If laws are suitable regularities [in the distribution of properties through spacetime], the exchange of locations of P1 and P2 will guarantee the exchange of nomological roles. If laws of nature are certain special lawmaking relations of fundamental properties, P1 and P2 will have to be exchanged also as arguments of these lawmaking relations to guarantee the exchange of nomological roles.

One of the questions with which we began this appendix was: what sort of recombination principle is required by Lewis’s argument? The answer is this: any recombination principle that, together with one’s theory of laws, entails that possibility is preserved under permutation of properties with respect to their nomological roles. More generally, we might simply say that what the argument requires is the principle that possibility is preserved under permutation of properties with respect to their nomological roles—let us call this simply ‘the permutation principle’. There are many ways to get to the permutation principle, but we need not adjudicate between them. So much for our first question. We turn now to our second question: what form of quidditism does Lewis have in mind?

It may seem that the permutation principle alone entails QR, and so the appeal to quidditism is superfluous. After all, the permutation principle implies the following:

  1. (1)

    There is a possibility where positive charge (and not mass) realizes the nomological role that is actually realized by mass (and not positive charge).

Doesn’t (1) imply QR?

Quiddistic Realization. For at least some nomological role R realized by some property P, R might have been realized without being realized by P.

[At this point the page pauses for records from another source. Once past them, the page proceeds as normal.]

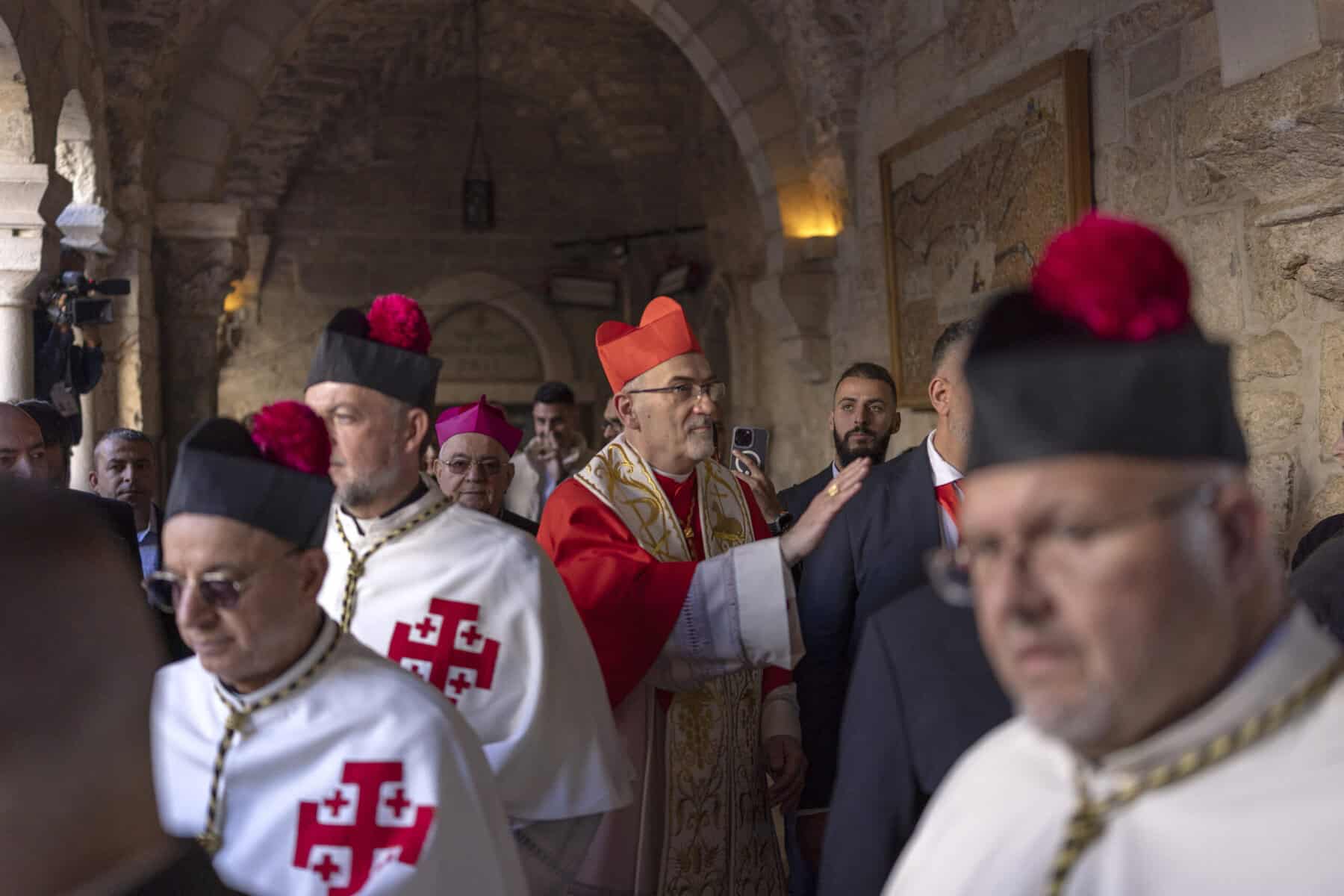El patriarca latino de Jerusalén, el cardenal Pierbattista Pizzaballa, llegó a Belén antes de presidir la tradicional misa del Gallo en la Iglesia de la Natividad.
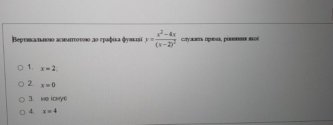 Вертикальною асимптотою до графіка функції y=x^2-4x/( x-2)^2 Служить пряма , рівняння якої:
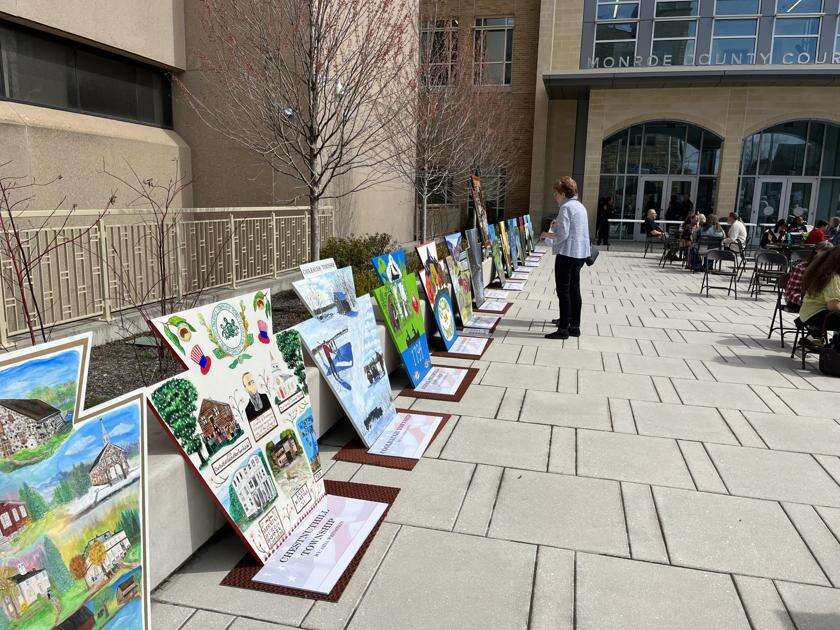 Monroe County Commissioner Sharon Laverdure looks at the decorated keystones painted to celebrate the 250th anniversary of the founding of this country. Each township will have a keystone painted honoring it. They will be displayed at the municipal buildings. On Wednesday, they were displayed for the Founders Day celebration at the courthouse in Stroudsburg. KRISTINE PORTER/TIMES NEWS
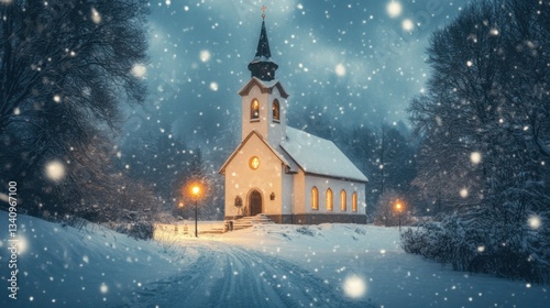 Snow-covered church in winter landscape, concept of peace, faith, and celebration, soft falling snow, warm lights, serene and festive atmosphere.
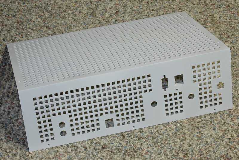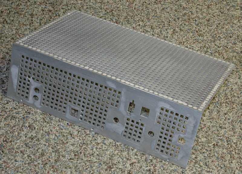 das Gehäuse für den Stream Server habe ich aus einigen Platten Aluminium Blech hergestellt. Da sich die Hardware durch Eigenkonvektion kühlen muß, habe ich für großen Lufteintritt im Bodenbereich gesorgt. Die Bodenplatte besteht aus 2mm gestanzten Lochblech. Seiten und die Frontplatte sind aus 3mm starken eloxierten Alu Blech gefertigt. Die einzelnen Teile sind mit Winkeln und 2-Komponenten Klebstoff miteinander verbunden. | |||||||||||||||||||||||||||||||||||||

Why does Lewis appeal to quidditism?

To see why Lewis needs quidditism to get from the permutation principle to QR, we must keep in mind that, for Lewis, it is not always true that a thesis about what possibilities there are is equivalent to the corresponding thesis about what might have been. For example, because Lewis is a counterpart theorist about individuals, he allows that it might have been that Humphrey won the election, but he denies that there is a possibility where Humphrey wins the election. The latter is equivalent to the former if and only if we assume the identity theory of inter-possibility individuation for individuals, which Lewis denies.

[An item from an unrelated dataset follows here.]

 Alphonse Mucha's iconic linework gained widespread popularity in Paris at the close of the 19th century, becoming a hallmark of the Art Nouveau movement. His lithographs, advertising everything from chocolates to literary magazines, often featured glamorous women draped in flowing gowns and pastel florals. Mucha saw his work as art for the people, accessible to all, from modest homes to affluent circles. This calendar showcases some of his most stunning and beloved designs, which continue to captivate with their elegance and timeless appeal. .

Similarly, if structuralism is true, then (1) does not imply QR. According to structuralism, the possibility mentioned in (1) is, for the purpose of evaluating claims about what might have been, no different from actuality: (1) merely implies that the role actually realized by mass might have been realized by mass. On the other hand, given the identity theory of inter-possibility individuation for properties—that is, given austere quidditism—(1) implies that the role actually realized by mass might have instead been realized by positive charge. Hence, given austere quidditism, (1) implies QR.

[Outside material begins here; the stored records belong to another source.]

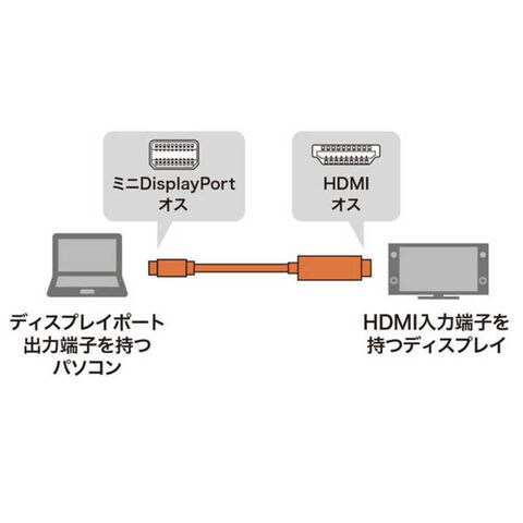 ミニDisplayPortを搭載したPC本体をHDMIインターフェースを持つディスプレイ・テレビに接続するときに使用する変換ケーブルです。
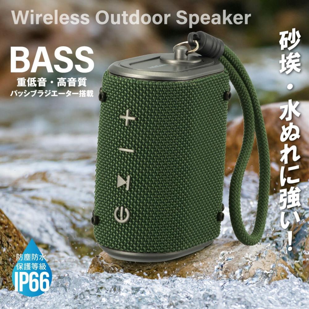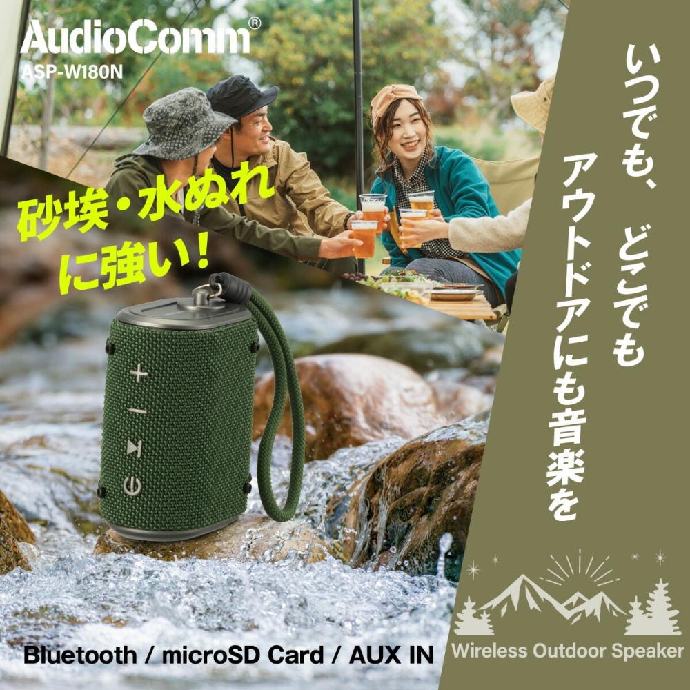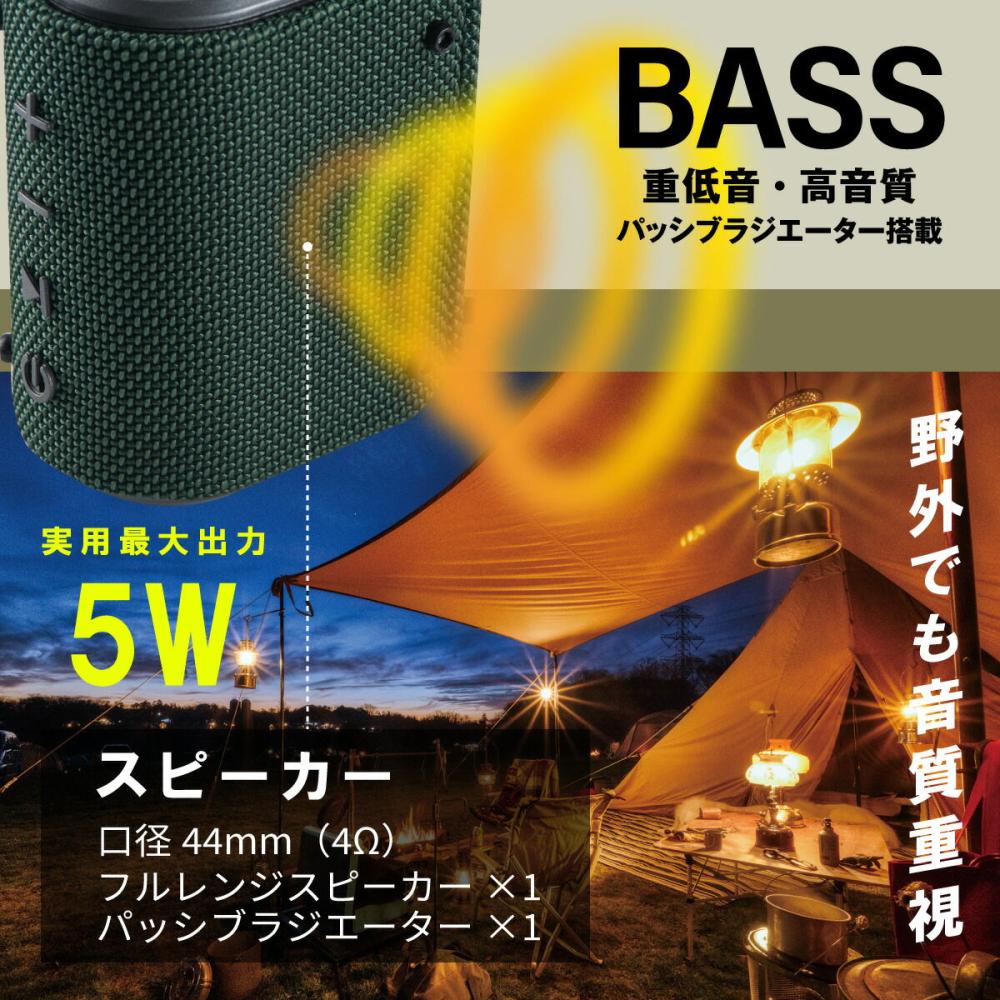 ・Bluetooth5.3でワイヤレス再生 ・microSD Card再生 ・着信・通話対応 ・AUX 外部音声入力 ・USB-C充電式 ・5時間連続再生 ・電源:DC5V (USB-C給電) ・内蔵バッテリー:リチウムイオン充電池(3.7V 1200mAh) ・実用最大出力:5W ・スピーカー:口径44mm、 フルレンジスピーカー×1、パッシブラジエーター×1 ・SN比:≧70dB ・再生周波数帯域:60Hz~18kHz ・接続端子:USB-Cポート(給電)、microSDカードスロット、 AUX IN端子(3.5mmステレオミニジャック) ・Bluetooth: 通信方式…Bluetooth標準規格 Ver.5.3 プロファイル…HFP、A2DP、AVRCP コーデック…SBC 変調方式/周波数帯域…GFSK/2.402~2.480GHz 最大通信距離…見通し 約10m(Class2) ・microSDカード:FAT・FAT32・exFAT 最大32GB、ファイル形式…MP3、WAV、FLAC ・内蔵マイク:全指向性 感度…-42dB ・充電時間:約2時間 (残量ゼロからフル充電まで) ・連続使用可能時間:約5時間(50%音量) ・許容動作温度/湿度:温度…5~35℃、湿度…35~80%(結露なしにて) ・防塵防水保護等級:防塵6級(耐塵形)…粉塵が中に入らない、防水6級(耐水形)…いかなる方向からの水の強い直接噴流によっても有害な影響を受けない ・付属品:専用充電コード、3.5mmステレオミニプラグコード、保証書、取扱説明書
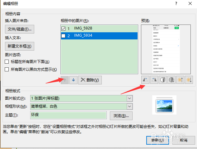 打开“编辑相册”对话框,通过相应的命令对图片的顺序、旋转角度、亮度和对比度、图片版式、相框形状等进行编辑。
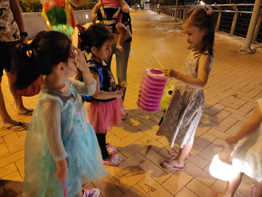 These days who celebrating Middle Autumn Festival, one of the great celebrations in Chinese tradition. The lanterns on the night of the full moon are usually great fun for the children (and adults too). We went out with the grandchildren Bel and Ro, and we experienced a surprise storm… Nevertheless, it was still fun.
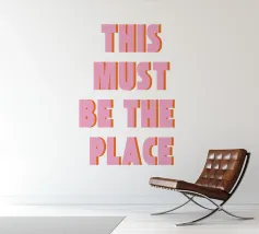 citazione di design retrò, tipografia colorata e audace, testo d'ispirazione stampato, tendenza d'arredo rosa-arancio, messaggio artistico positivo, dichiarazione grafica moderna
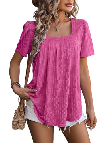 Flikity Going Out Tops for Women UK, Casual Square Neck Top Short Sleeve Blouses Ladies Summer Tops Womens Long Tunics to Wear with Leggings Party Top Flowy T Shirts S Rose Red
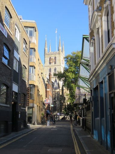 Approaching Borough Market on right – and Southwark Cathedral ahead
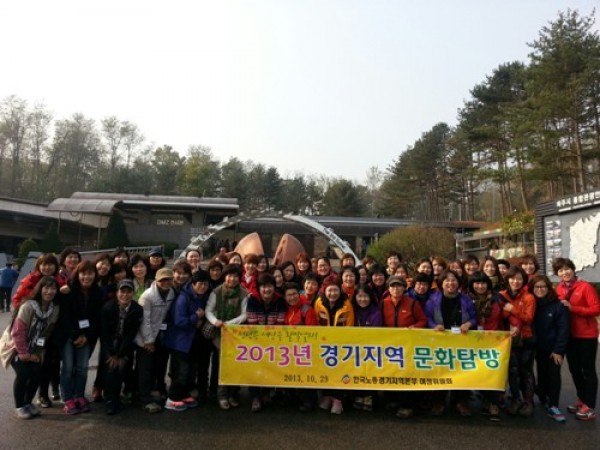 한국노총 경기지역본부 여성위원회(위원장 임이자)에서는 지난 2013년 10월 29일 경기지역 문화탐방을 실시하였다. 이날 문화탐방에 참석한 여성위원회 회원소속 여성조합원 55명은 제3땅굴 , 도라전망대, 파주 감악산 산머루농원(산머루쨈 만들기 체험 및 와인 시음 등) 방문하였다. 여성위원회 임위원장은 ‘성평등 세상을 활짝열자’ 는 캐치프레이를…

Moreover, it is clear that extravagant quidditism is of no help in getting from the permutation principle to QR. The permutation principle says nothing at all about quiddities—in particular, it does not say that possibility is preserved under permutation of quiddities with respect to the nomological roles of the properties that have those quiddities. Indeed, nowhere in Lewis’s argument will you find mention of quiddities, intrinsic aspects, essential natures, or anything of the kind. I take all of this as strong evidence that Lewis preferred his quidditism without quiddities.